*** SUPPLIED RECORDS

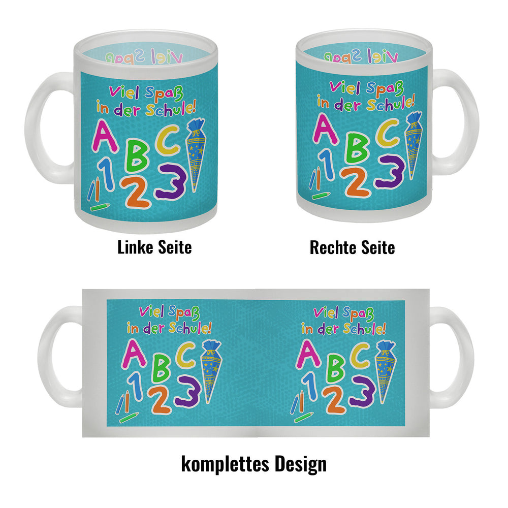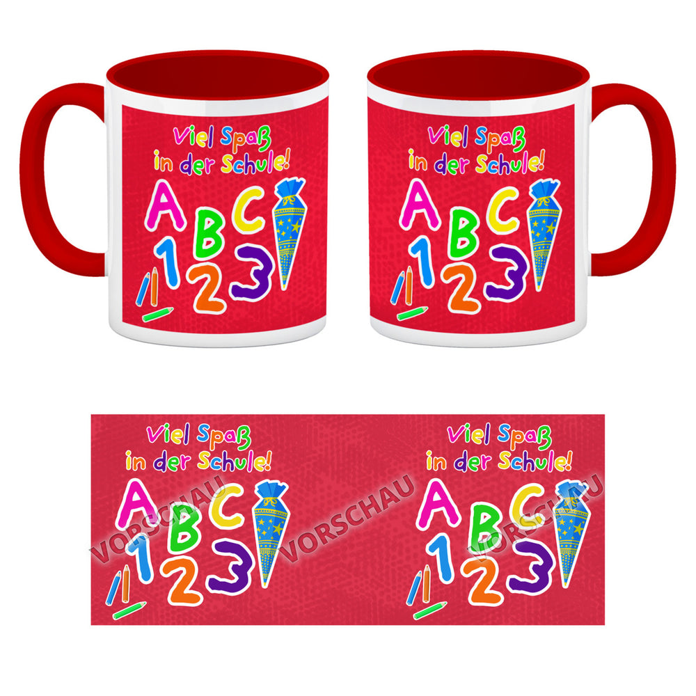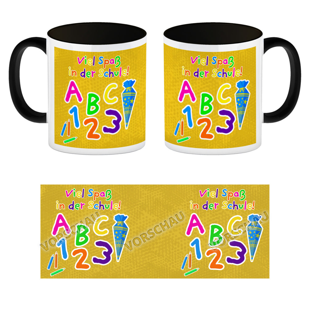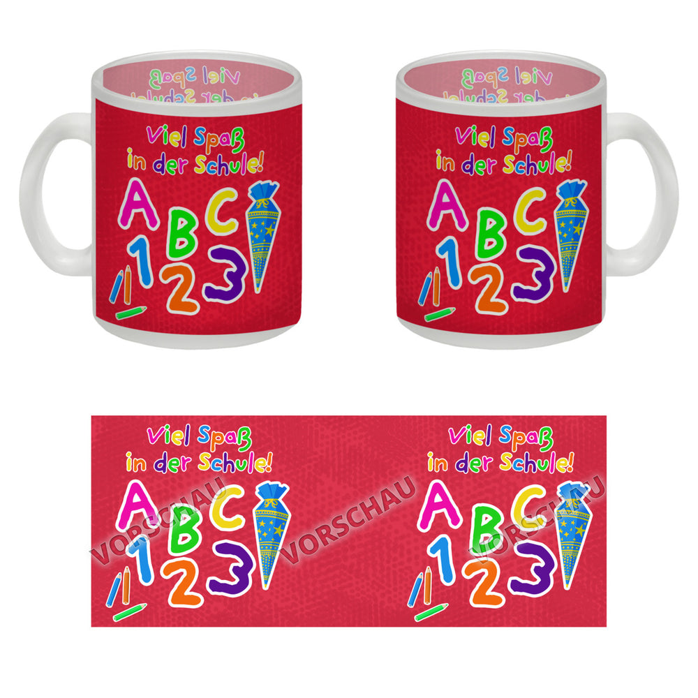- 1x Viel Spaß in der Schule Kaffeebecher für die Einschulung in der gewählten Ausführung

******
*** SUPPLIED RECORDS

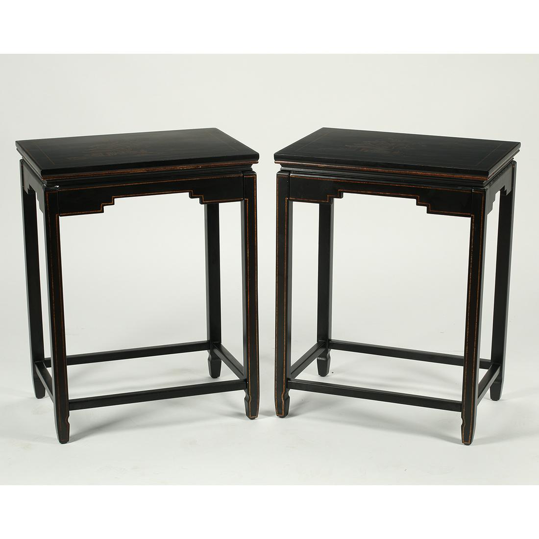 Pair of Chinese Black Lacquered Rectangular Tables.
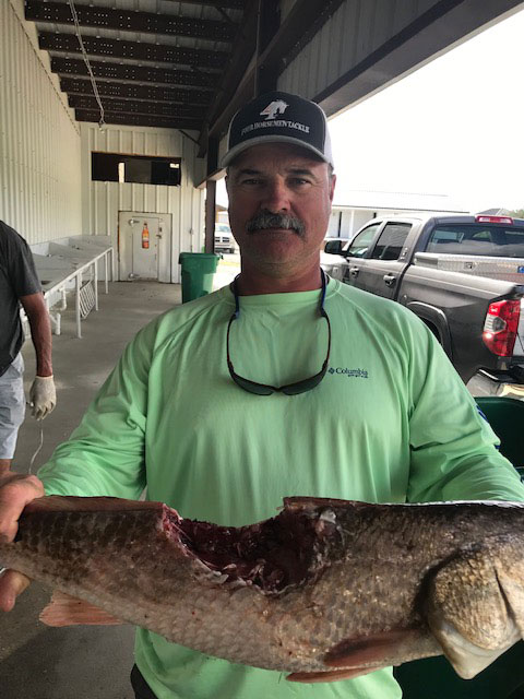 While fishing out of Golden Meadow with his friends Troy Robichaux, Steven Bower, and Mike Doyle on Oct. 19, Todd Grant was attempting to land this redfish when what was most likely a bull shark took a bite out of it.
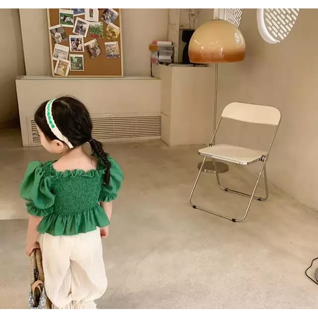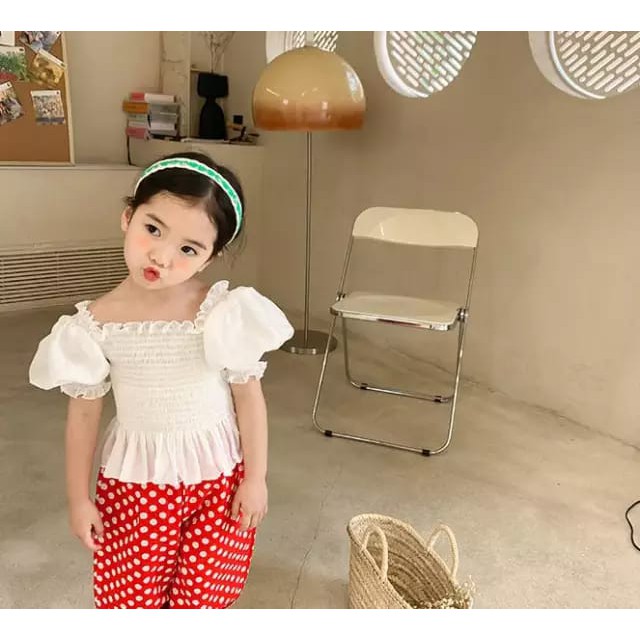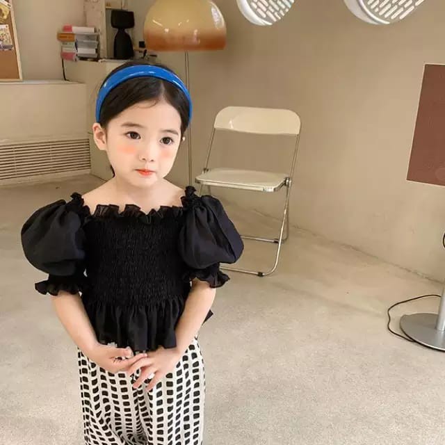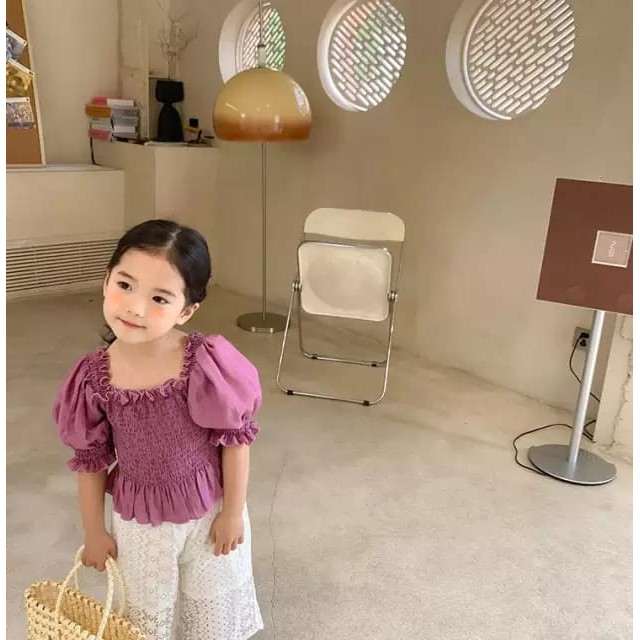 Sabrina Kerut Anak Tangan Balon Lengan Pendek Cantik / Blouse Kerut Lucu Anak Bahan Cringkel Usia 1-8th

******
*** SUPPLIED RECORDS

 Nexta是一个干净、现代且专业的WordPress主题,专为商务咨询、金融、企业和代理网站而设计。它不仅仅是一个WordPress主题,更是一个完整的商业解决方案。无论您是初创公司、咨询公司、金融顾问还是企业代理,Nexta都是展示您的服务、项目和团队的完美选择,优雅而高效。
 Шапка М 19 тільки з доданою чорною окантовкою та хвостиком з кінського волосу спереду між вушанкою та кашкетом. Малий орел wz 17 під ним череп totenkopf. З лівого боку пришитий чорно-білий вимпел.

******

**EXERCISE REQUIREMENTS**
Starting at the line with "Pair of Chinese" and finishing at the line with "While fishing out", copy the material above exactly, both lines included. Nothing else goes in, and no pictures.

**TASK RESPONSE**
 Pair of Chinese Black Lacquered Rectangular Tables.
 While fishing out of Golden Meadow with his friends Troy Robichaux, Steven Bower, and Mike Doyle on Oct. 19, Todd Grant was attempting to land this redfish when what was most likely a bull shark took a bite out of it.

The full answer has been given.